Make a histogram of the total number of steps taken each day and Calculate and report the mean and median total number of steps taken per day. Do these values differ from the estimates from the first part of the assignment? What is the impact of imputing missing data on the estimates of the total daily number of steps?

steps.wo.nas_by_day <-aggregate(df.wo.nas$steps, by=list(df$date), FUN=sum, na.rm=TRUE)
colnames(steps.wo.nas_by_day) <- c("day", "steps")
steps.wo.nas_by_day$day <- as.Date(steps.wo.nas_by_day$day)

hist(steps.wo.nas_by_day$steps, breaks=12, main="Daily steps histogram")

plot of chunk unnamed-chunk-9

mean(steps.wo.nas_by_day$steps)

## [1] 10766

median(steps.wo.nas_by_day$steps)

## [1] 10766

The histogram of the total number of steps taken each day gets closer to a normal distribution one, unbiased by missing values. Estimating 'steps column NAs values' in input dataset with the same interval mean value measured for all days has the impact of raising a little the steps mean value. But the daily steps max value measured in the missing values dataset

max(steps_by_day$steps)

## [1] 21194

didn't change in the new dataset with estimated missing values

max(steps.wo.nas_by_day$steps)

## [1] 21194

Are there differences in activity patterns between weekdays and weekends?
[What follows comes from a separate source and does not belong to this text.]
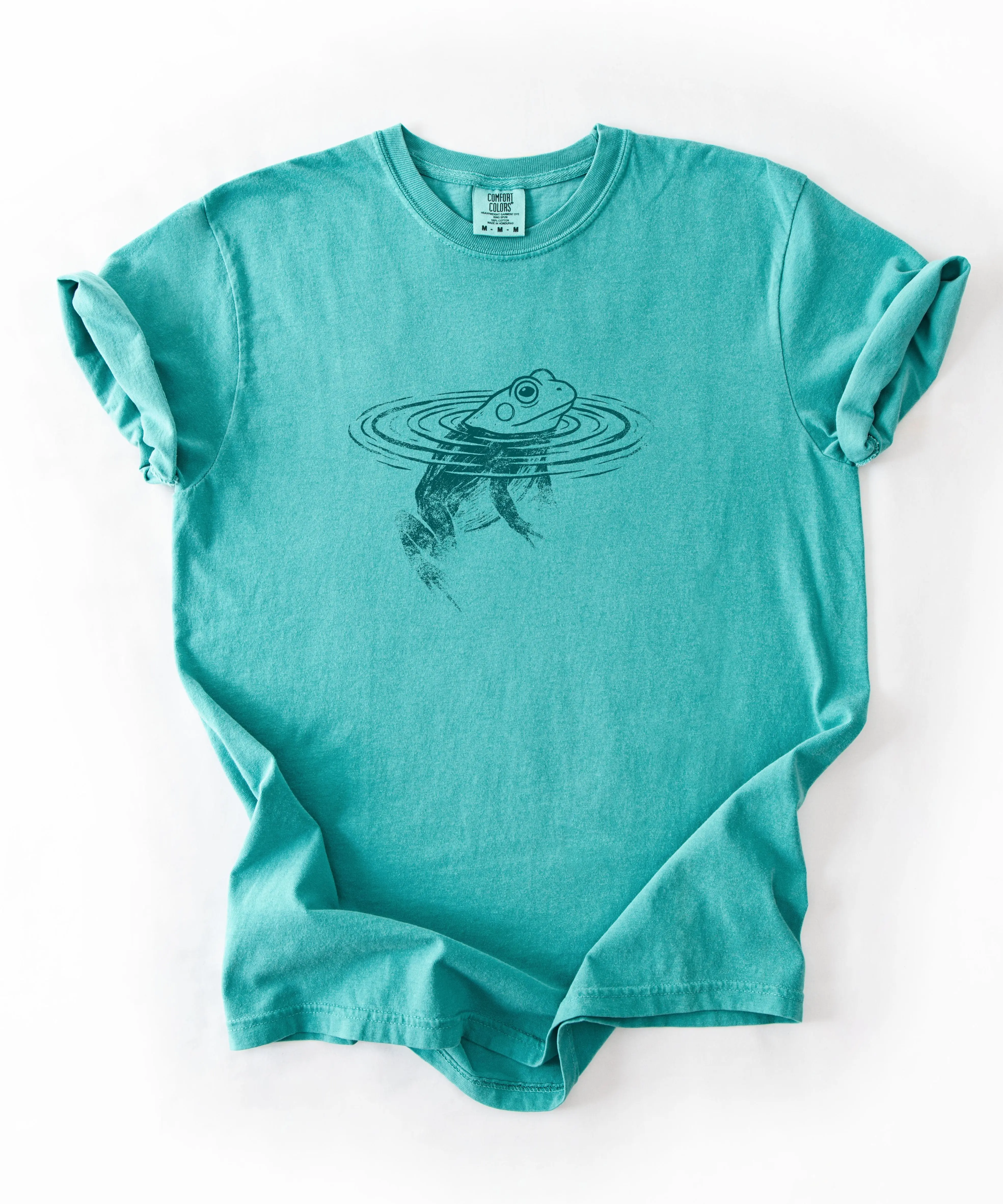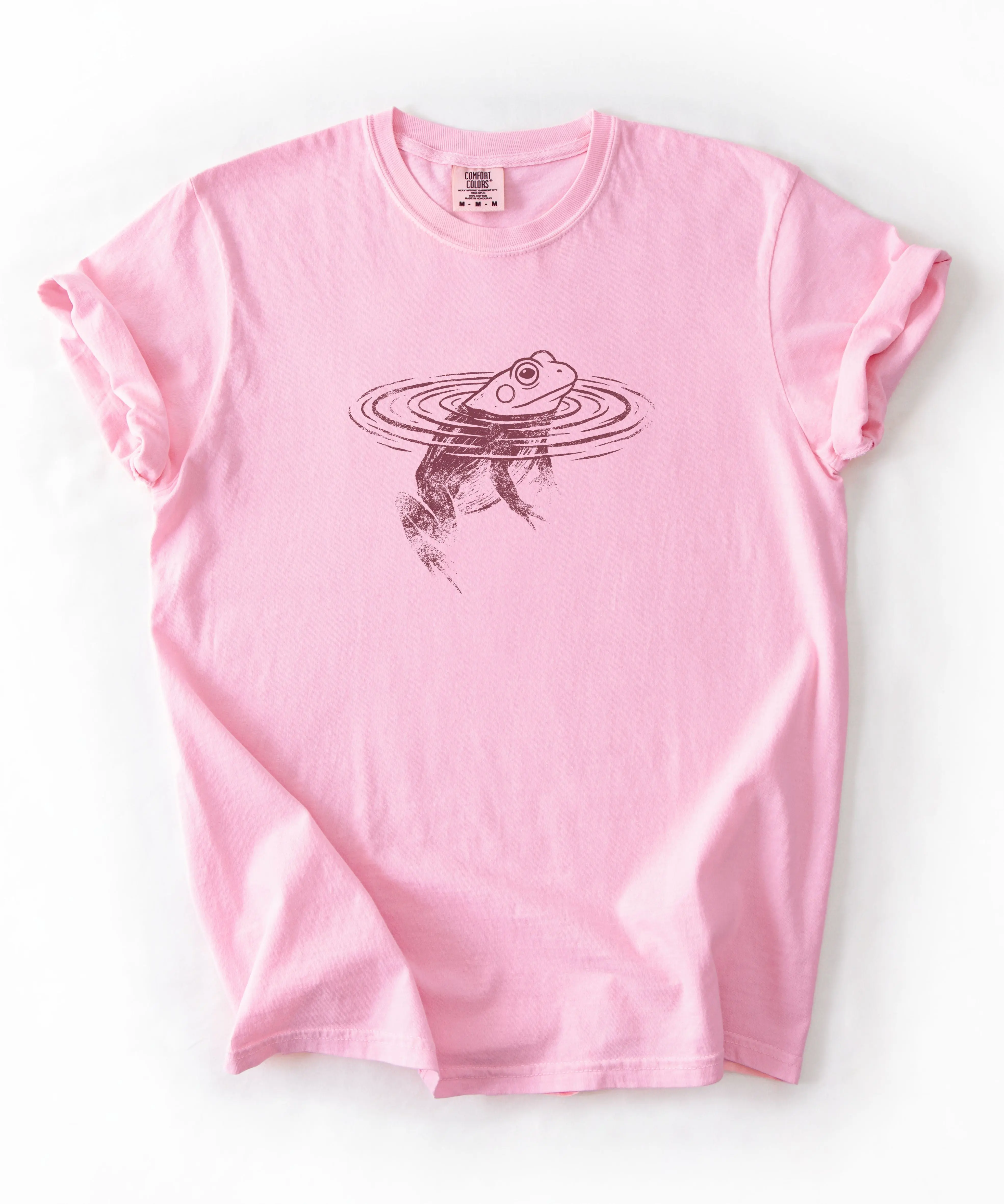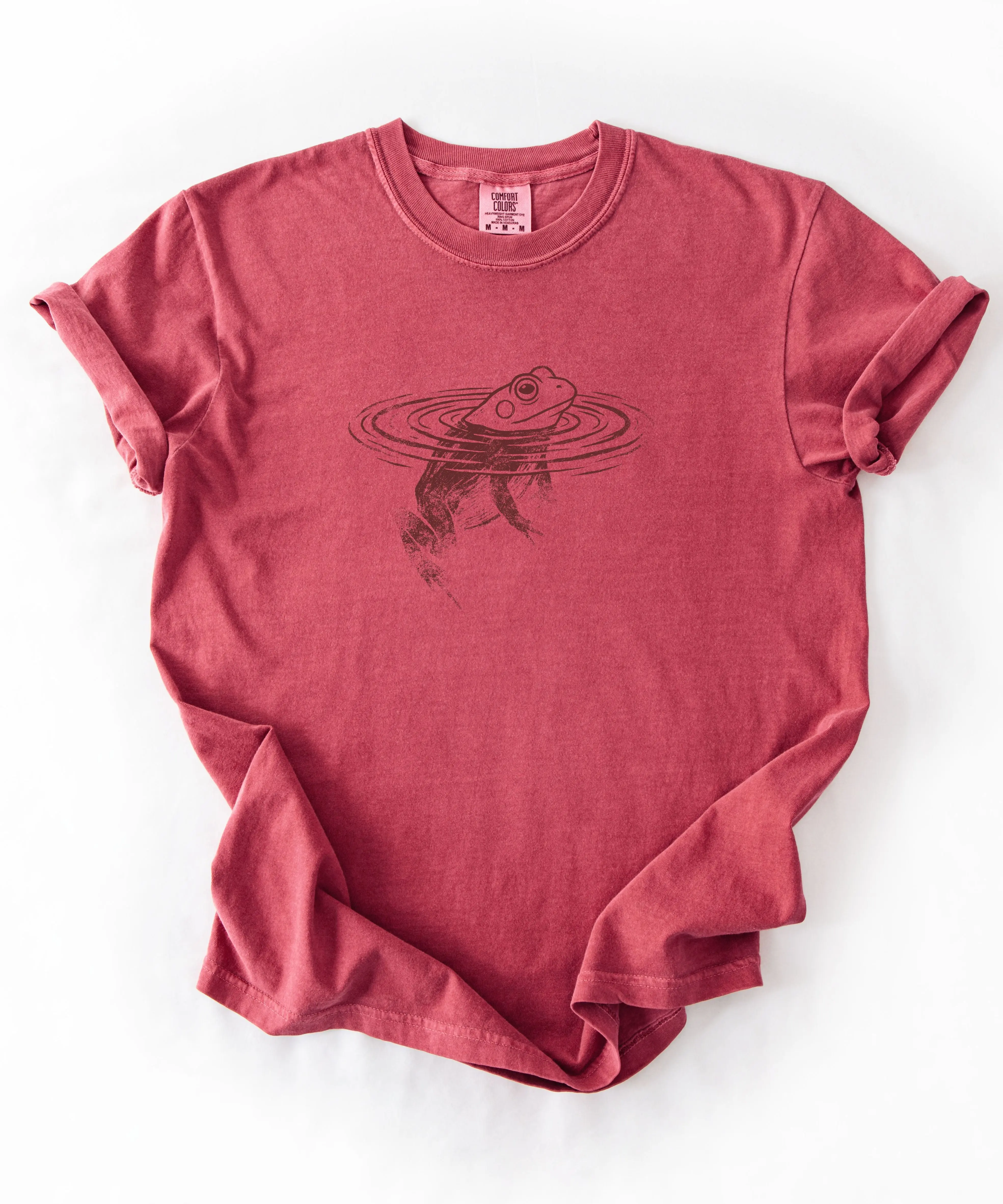 This vintage-inspired swimming frog t-shirt features a minimalist green frog emerging through soft ripples, creating a calm, nature-focused aesthetic with subtle personality. The slightly distressed print gives it a worn-in, outdoorsy feel — perfect for those who appreciate wildlife, cottagecore vibes, and understated graphic art.

Use the dataset with the filled-in missing values for this part. Create a new factor variable in the dataset with two levels - “weekday” and “weekend” indicating whether a given date is a weekday or weekend day.

df.wo.nas$date <- weekdays(as.Date(df.wo.nas$date))
df.wo.nas$date <- ifelse( df.wo.nas$date %in% c("Monday", "Tuesday", "Wednesday", "Thursday", "Friday" ), "weekday", "weekend")

Make a panel plot containing a time series plot (i.e. type = “l”) of the 5-minute interval (x-axis) and the average number of steps taken, averaged across all weekday days or weekend days (y-axis).

library("lattice")
steps_by_5min_interval_weekday <-aggregate(df.wo.nas$steps, by=list(interval = df.wo.nas$interval, day = df.wo.nas$date), FUN=mean, na.rm=TRUE)
str(steps_by_5min_interval_weekday)

## 'data.frame':    576 obs. of  3 variables:
##  $ interval: int  0 5 10 15 20 25 30 35 40 45 ...
##  $ day     : chr  "weekday" "weekday" "weekday" "weekday" ...
##  $ x       : num  2.251 0.445 0.173 0.198 0.099 ...

colnames(steps_by_5min_interval_weekday) <- c("interval", "day.type", "steps.mean")
steps_by_5min_interval_weekday <- transform(steps_by_5min_interval_weekday, day.type = factor(day.type))
xyplot(steps.mean ~ interval | day.type, type="l", data = steps_by_5min_interval_weekday, layout = c(1, 2), 
  scales=list(x=list(alternating=FALSE,tick.number = 20)))

plot of chunk unnamed-chunk-13

From these 2 plots is obvious that during weekdays the subject started earlier (around 5..6 hour in the morning) to make steps :) Also, during the weekdays the subject went to bed earlier or danced less then in the weekend.